URL: https://ecodata-dev.ala.org.au/user/getKey
Header: 
userName : <ALA registered email>
password: <ALA password>

2. Get list of data resource available for harvesting

URL : https://ecodata-dev.ala.org.au/ws/record/listHarvestDataResource?max=10&offset=0&sort=asc
Header:
authKey : <Obtained from Step 1>
userName: <Username associated with the auth key>

It will generate response like below.
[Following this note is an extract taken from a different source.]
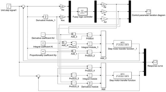 The offline adjustment of fixed PID control parameters through the MATLAB/Simulink functional module can improve the design efficiency of the control system to a greater extent [27], and the adjusted PID control parameters kp, ki and kd were determined to be 46, 45, and 1 respectively. After the fuzzy controller was established in the MATLAB/Fuzzy toolbox with the PID control system in Simulink to build the system simulation model of adaptive fuzzy PID control stepper motor, the system simulation model plot shown in Figure 5 was obtained, and the response curve plot shown in Figure 6 was obtained with the unit step as the input excitation.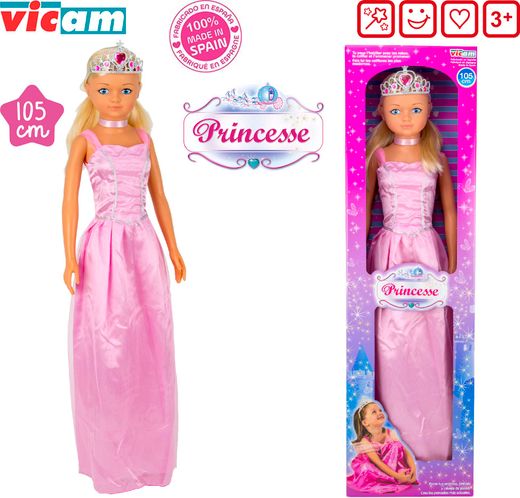 Vicam Prinzessinnenpuppe, 105 cm. Die Puppe ist 105 cm groß. Kopf, Arme und Beine sind beweglich, sodass sie stehen und sitzen kann. Ihr langes, blondes Haar lässt sich bürsten und auf verschiedene Arten stylen, zum Beispiel zu Pferdeschwanz, Zopf oder originellen Prinzessinnenfrisuren.

Use value in archiveURL property to generate file.

{
    "total": 71,
    "list": [
        {
            "projectId": "17a7871e-15cd-43a3-b349-1161778b0aed",
            "name": "Superb Parrot Monitoring project",
            "dataResourceId": "dr5017",
            "dataProviderId": "dp3534",
            "status": "active",
            "alaHarvest": true,
            "archiveURL": "https://ecodata-dev.ala.org.au/ws/project/17a7871e-15cd-43a3-b349-1161778b0aed/archive"
        },
       ………
    ]
}

3. Get DwC archive

URL : https://ecodata-dev.ala.org.au/ws/project/17a7871e-15cd-43a3-b349-1161778b0aed/archive
Header: 
authKey : <Obtained from Step 1>
userName: <Username associated with the auth key>

Note: creating the archive can take several minutes depending on the number of activities in a project. In the next phase, I will improve the code to make it faster.